Your task: Using the data below, return the stretch from the line that contains "教学总支宣传委员董莉莉老师在" through the line that contains "不同城市的消费者选择线上购物", both included, exactly as it stands and nothing beyond it.

Exercise material:
====================
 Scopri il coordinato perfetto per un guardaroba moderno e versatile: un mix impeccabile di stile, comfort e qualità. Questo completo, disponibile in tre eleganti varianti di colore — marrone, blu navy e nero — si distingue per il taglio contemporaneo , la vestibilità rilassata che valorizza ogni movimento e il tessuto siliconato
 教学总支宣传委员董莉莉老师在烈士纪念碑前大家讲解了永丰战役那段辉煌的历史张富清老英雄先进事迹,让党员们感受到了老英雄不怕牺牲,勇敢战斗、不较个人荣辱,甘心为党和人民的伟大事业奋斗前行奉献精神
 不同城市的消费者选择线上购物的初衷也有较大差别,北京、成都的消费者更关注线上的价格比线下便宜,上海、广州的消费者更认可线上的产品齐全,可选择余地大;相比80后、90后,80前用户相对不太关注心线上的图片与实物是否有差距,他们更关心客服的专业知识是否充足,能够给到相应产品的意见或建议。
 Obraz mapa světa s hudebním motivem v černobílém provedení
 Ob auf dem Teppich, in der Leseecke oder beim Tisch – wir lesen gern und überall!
====================
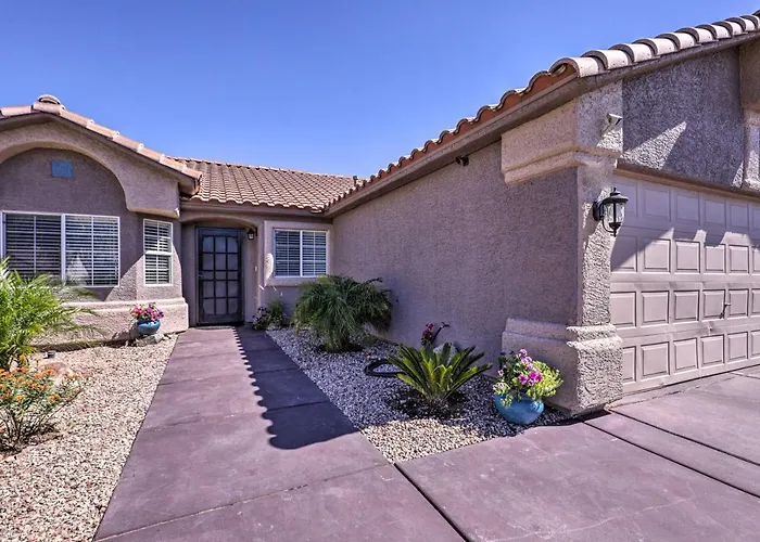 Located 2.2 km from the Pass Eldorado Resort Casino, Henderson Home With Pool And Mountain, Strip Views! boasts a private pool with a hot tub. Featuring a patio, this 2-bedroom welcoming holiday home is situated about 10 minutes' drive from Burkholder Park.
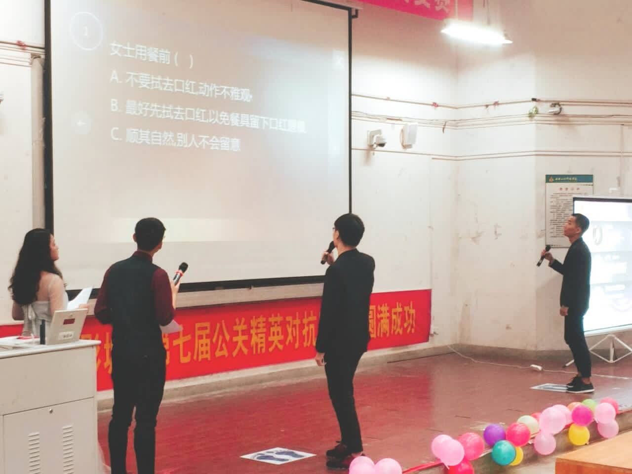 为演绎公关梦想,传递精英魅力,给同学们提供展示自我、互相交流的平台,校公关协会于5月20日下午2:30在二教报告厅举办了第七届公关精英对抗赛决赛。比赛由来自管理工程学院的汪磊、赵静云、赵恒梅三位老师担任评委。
====================
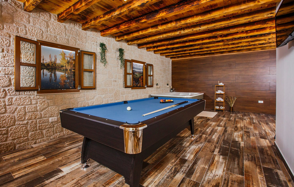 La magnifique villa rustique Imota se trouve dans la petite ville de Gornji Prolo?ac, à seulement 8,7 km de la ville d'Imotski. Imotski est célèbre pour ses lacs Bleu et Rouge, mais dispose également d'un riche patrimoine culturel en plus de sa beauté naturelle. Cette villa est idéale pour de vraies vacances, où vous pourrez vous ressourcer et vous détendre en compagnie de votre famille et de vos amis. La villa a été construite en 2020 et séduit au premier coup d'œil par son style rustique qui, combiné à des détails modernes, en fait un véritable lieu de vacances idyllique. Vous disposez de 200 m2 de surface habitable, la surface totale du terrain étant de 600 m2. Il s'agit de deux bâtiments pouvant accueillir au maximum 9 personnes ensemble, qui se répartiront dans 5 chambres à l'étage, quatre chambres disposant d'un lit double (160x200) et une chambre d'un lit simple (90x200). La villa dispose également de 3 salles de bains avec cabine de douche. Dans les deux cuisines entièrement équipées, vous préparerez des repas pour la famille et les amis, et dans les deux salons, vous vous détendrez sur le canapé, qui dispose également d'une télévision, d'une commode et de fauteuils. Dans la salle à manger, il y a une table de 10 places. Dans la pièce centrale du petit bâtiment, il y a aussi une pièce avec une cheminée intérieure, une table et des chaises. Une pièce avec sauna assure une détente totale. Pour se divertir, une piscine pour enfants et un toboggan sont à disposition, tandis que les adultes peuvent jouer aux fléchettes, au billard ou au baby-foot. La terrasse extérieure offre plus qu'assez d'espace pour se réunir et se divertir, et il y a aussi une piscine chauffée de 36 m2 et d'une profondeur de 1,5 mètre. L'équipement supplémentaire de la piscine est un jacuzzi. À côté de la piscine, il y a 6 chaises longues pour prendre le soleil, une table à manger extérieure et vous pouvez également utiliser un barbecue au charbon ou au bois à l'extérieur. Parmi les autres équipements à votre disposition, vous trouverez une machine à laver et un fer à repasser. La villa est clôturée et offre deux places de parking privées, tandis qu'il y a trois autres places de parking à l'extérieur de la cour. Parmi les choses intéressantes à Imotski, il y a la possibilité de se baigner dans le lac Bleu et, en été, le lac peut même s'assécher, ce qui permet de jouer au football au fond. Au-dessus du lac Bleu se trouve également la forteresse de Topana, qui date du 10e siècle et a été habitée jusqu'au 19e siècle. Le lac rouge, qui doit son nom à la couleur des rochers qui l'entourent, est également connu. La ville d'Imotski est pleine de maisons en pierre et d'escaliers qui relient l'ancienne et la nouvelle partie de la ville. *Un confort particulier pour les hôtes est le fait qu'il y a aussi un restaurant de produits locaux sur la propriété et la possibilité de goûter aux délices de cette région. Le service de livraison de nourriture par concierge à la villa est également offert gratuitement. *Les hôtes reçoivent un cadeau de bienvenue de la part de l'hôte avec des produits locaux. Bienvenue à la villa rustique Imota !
====================
Expected answer:
 教学总支宣传委员董莉莉老师在烈士纪念碑前大家讲解了永丰战役那段辉煌的历史张富清老英雄先进事迹,让党员们感受到了老英雄不怕牺牲,勇敢战斗、不较个人荣辱,甘心为党和人民的伟大事业奋斗前行奉献精神
 不同城市的消费者选择线上购物的初衷也有较大差别,北京、成都的消费者更关注线上的价格比线下便宜,上海、广州的消费者更认可线上的产品齐全,可选择余地大;相比80后、90后,80前用户相对不太关注心线上的图片与实物是否有差距,他们更关心客服的专业知识是否充足,能够给到相应产品的意见或建议。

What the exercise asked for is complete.